▸ What to produce
Would you please return only the lines from the one with "పార్కింగ్ లాట్లో పార్క్" through the last line of the records below, leaving the pictures out?

——

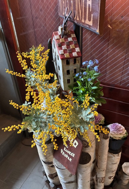 残りの葉ボタンは、入り口の街灯の下に移動、、ミモザ、多肉、勿忘草、そして葉ボタンと
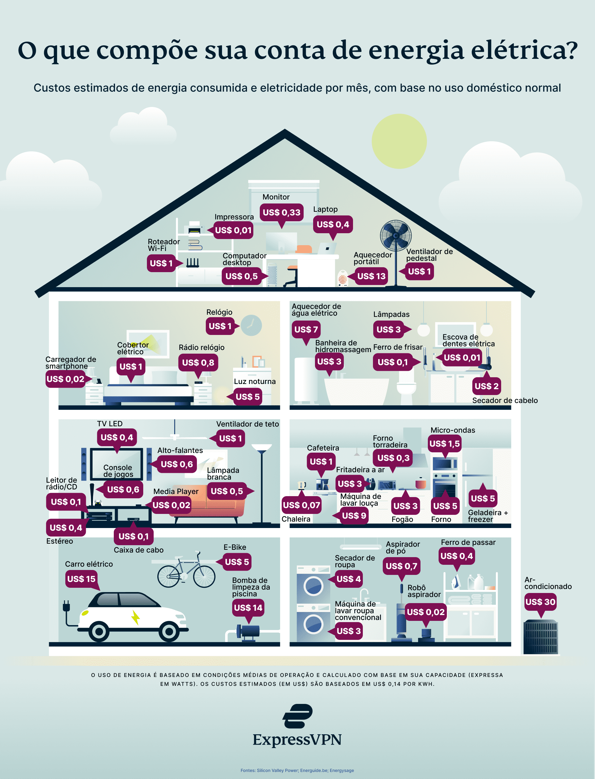 No infográfico abaixo, detalhamos o uso de energia de cada item em uma residência americana típica por mês, juntamente com o custo associado a ele:
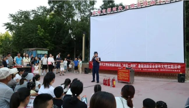消防安全宣传专场里,消防救援人员带着灭火器、防护面罩等装备来到现场,将“火灾逃生”从书本理论转化为“弯腰捂口鼻”“1提2拔3握4压”的实操演示。当孩子们看到消防员用锅盖扑灭着火的油锅时,眼中闪烁的不仅是好奇,更是安全意识萌芽的微光。活动后播放的《烈火英雄》,让银幕内外的“火焰蓝”形成跨越时空的呼应,更让“安全第一”的理念深植人心。
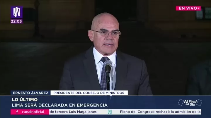 Ernesto Álvarez, titular de PCM, afirmó que la declaratoria en Lima Metropolitana vendrá acompañada por un paquete de medidas concretas y no descartó la implementación del toque de queda para combatir la criminalidad.
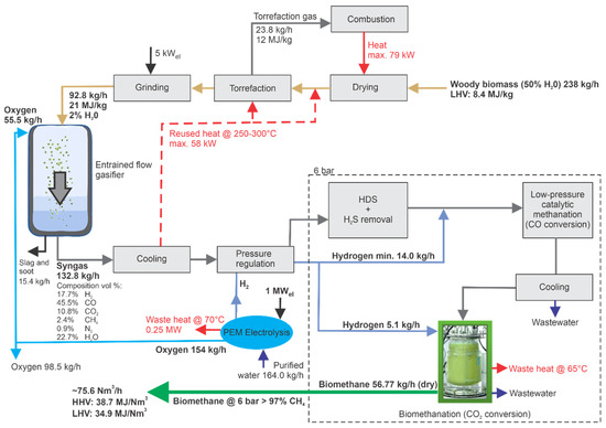 Based on a review of the best available and proven gasification technologies, existing projects, and scientific confirmations from different sources, we propose the conceptual solution of converting woody biomass into biomethane by considering the high level of utilization of waste heat streams and the electrolysis side product (i.e., oxygen). The solution, schematically shown in Figure 2, shows the relevant mass flow rates and heat streams within the entire process. Values are normalized based on the selected nominal electrolysis power consumption of 1 MWel. The proposed solution involves the following main process units:
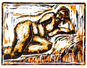 Chris Derksen was een veelzijdig kunstenaar. Naast beeldhouwer en schilder was hij ook graficus. In zijn hout-snedes gebruikte hij daarvoor vooral hout dat al een leven achter de rug heeft, zoals oude vloerplanken, of planken met spijkergaten en zaag -sneden. Hier zien we wederom een overeenkomst met zijn beeldhouwkunst. "Soms ben ik verbaasd dat de littekens van het oude hout zo'n mooie toevoeging zijn aan de druk.• Derksen koos voor zijn houtsneden vooral naakten tot onderwerp. En daarbij ging het om de lichaamshouding. Eens in de maand ging hij modeltekenen bij een kunstkring in Lommel.
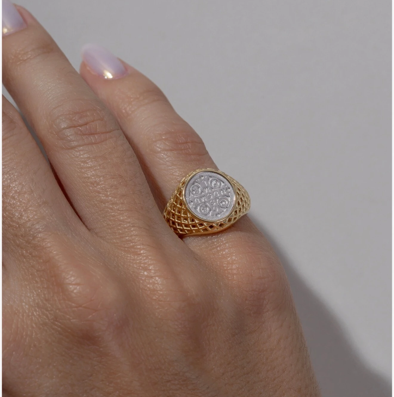 Anel Fininho com Zircônias e Lacinho em Dourado
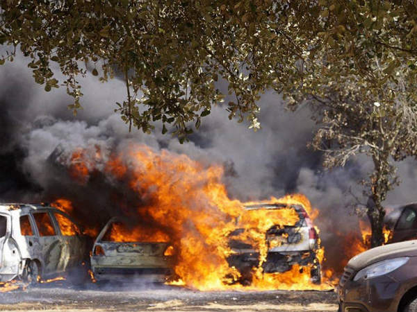 పార్కింగ్ లాట్లో పార్క్ చేసి ఉన్న కార్లు ఎండ వేడికి కాలిబూడిదయ్యాయి. ఎవరి ప్రయత్నం లేకుండానే భారీ ఎండవేడిమికి చెలరేగిన మంటలు ఒక కారుతో మొదలయ్యి మొత్తం 15 కార్లను బూడిద చేశాయి.
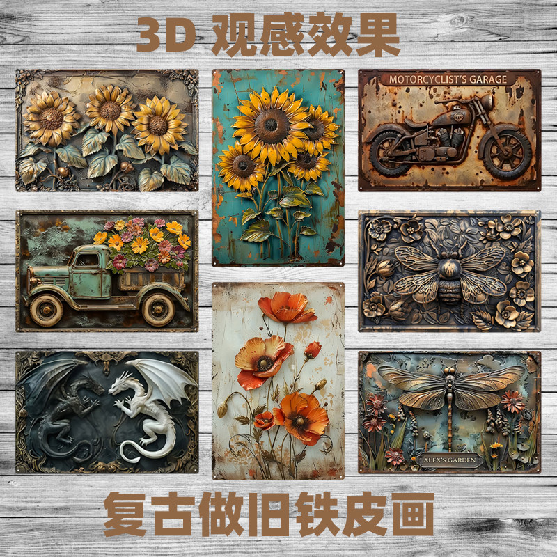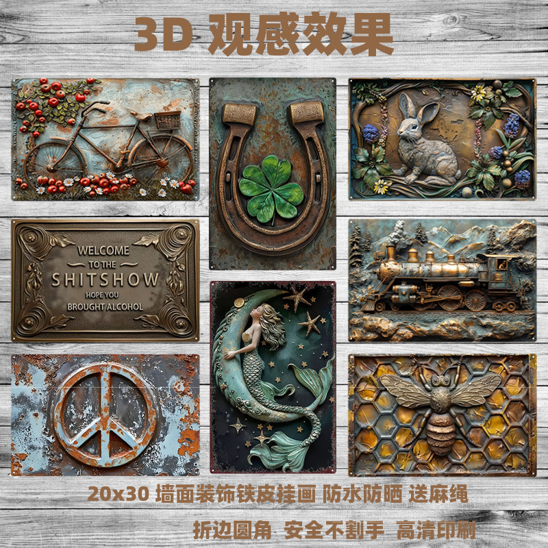 仿3D露营阳台酒吧墙面装 饰复古铁皮画铁艺壁饰布置摄影挂画挂件

——

▸ Task response
 పార్కింగ్ లాట్లో పార్క్ చేసి ఉన్న కార్లు ఎండ వేడికి కాలిబూడిదయ్యాయి. ఎవరి ప్రయత్నం లేకుండానే భారీ ఎండవేడిమికి చెలరేగిన మంటలు ఒక కారుతో మొదలయ్యి మొత్తం 15 కార్లను బూడిద చేశాయి.
 仿3D露营阳台酒吧墙面装 饰复古铁皮画铁艺壁饰布置摄影挂画挂件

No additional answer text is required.